Zarzut wobec ministra środowiska, że przejmuje się środowiskiem może brzmieć dziwnie, ale Korolec trafił z Ministerstwa Gospodarki (gdzie był wiceministrem) do resortu środowiska z instrukcją, że ekologia ekologią, a dla nas ważniejsza jest gospodarka. Ta instrukcja w szczególności dotyczyła gazu łupkowego, bo w tym czasie cała Polska żyła w euforii, że mamy niezmierzone złoża gazu i wystarczy zrobić kilka dziur w ziemi a potem liczyć pieniądze. Korolec miał pilnować by stało się jak najszybciej. Premier uwierzył w łupki. Pojechał na pierwszy odwiert do Lubocina i obiecał, że jak dobrze pójdzie z tego gazu będziemy mieć emerytury na pokolenia.
Nie wiedział, że nasz gazowy sukces jest palcem na wodzie pisany. Trzeba znaleźć gaz, nauczyć się go wydobywać i robić to na tyle tanio, żeby cały interes się opłacał. A to jest niepewne, musi potrwać i wymaga ogromnych nakładów. Tymczasem zachodnie firmy szukające gazu wycofują się z Polski narzekając na niesprzyjające warunki i duże ryzyko prawne. Korolec zgromadził w swoim resorcie drużynę Piotra Naimskiego – energetycznego ideologa PiS – która przygotowuje ustawę węglowodorową zaś minister finansów nie ukrywa, że wyciśnie z łupków tyle podatków ile się da. Wciąż pojawiają się modne ostatnio hasła patriotyzmu gospodarczego: gaz jest nasz i nie damy go rozdrapać zagranicznym koncernom. Tyle, że zagraniczne koncerny mają pieniądze i technologię.

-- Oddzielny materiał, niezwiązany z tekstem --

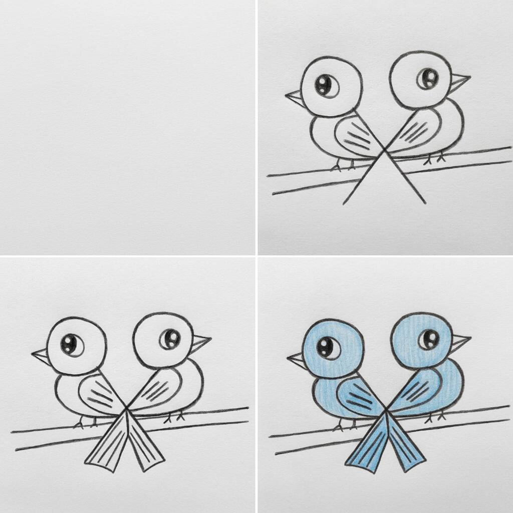 Start » Coloring Pages » Easy Drawing: two cute birds in a tree
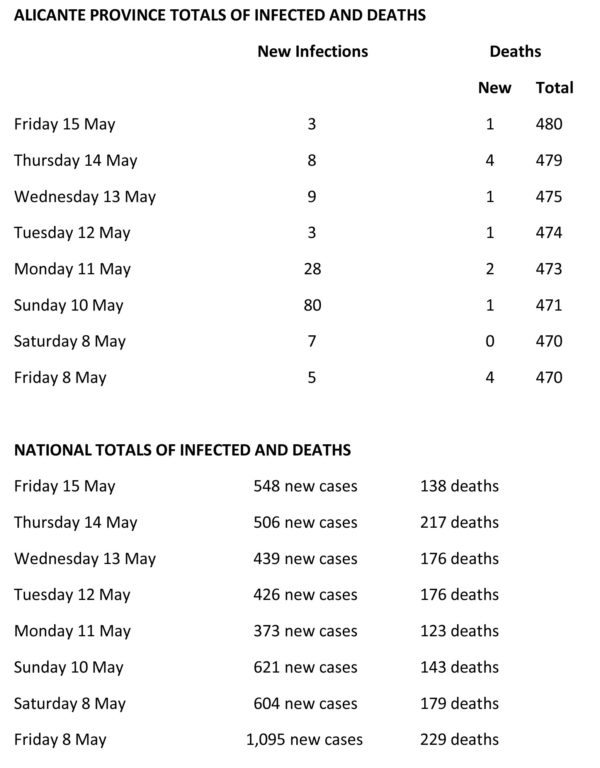 With the 9 new deaths registered in the last 24 hours the total figure since the start of the crisis is 1,373: 206 in the province of Castellón, 480 in Alicante and 687 in the province of Valencia. Just one of those deaths occurred in the province of Alicante in the last 24 hours.
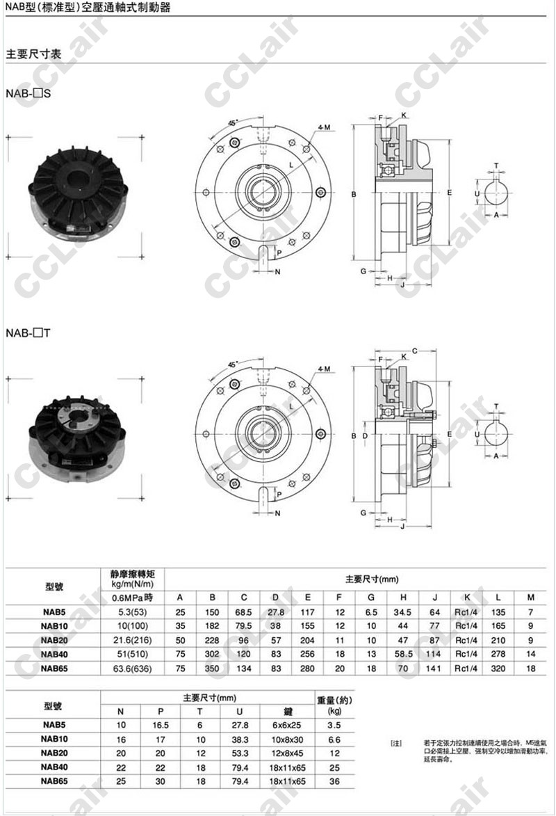 詳細(xì)信息 NAB5,NAB10,NAB20,NAB40,NAB65,通軸式制合器,CCLair

Sukces ma wielu ojców, porażka jest sierotą. Kiedy żyliśmy w euforii wierząc w niezmierzone zasoby gazu łupkowego, ministrowie jeden przez drugiego licytowali się kto zrobił więcej dla tego sukcesu: minister skarbu Mikołaj Budzanowski, szef MSZ Radosław Sikorski, minister środowiska Marcin Korolec, minister gospodarki Waldemar Pawlak. Dziś Budzanowskiego i Pawlaka już nie ma w rządzie, Sikorski odżegnuje się od łupków, został więc Korolec i jego ludzie.

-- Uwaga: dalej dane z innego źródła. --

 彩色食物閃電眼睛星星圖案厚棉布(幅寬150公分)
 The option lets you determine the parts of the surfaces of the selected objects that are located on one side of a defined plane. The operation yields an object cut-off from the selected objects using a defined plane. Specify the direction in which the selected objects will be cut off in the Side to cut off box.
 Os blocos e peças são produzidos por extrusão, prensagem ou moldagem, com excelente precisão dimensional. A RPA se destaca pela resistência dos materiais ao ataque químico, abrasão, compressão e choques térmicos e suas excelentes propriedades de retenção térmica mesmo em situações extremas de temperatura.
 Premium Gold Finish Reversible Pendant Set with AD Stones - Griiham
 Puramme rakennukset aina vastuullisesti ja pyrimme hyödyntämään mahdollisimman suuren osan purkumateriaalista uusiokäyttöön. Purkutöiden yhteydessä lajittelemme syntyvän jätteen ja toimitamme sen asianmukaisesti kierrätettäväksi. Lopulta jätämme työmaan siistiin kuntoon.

Podejrzewam, że za ostatnimi groźbami premiera stoją: nowy minister skarbu Włodzimierz Karpiński, któremu podlega PGNiG stale uskarżające się na złą współpracę z resortem środowiska i Radosław Sikorski, któremu najwyraźniej wypłakali się amerykańscy inwestorzy. Minister Korolec należy do „autorskich” pomysłów premiera, jest więc łatwy do wymiany. Wygląda więc, że może się pożegnać ze stanowiskiem w ramach trwającej właśnie pełzającej rekonstrukcji rządu.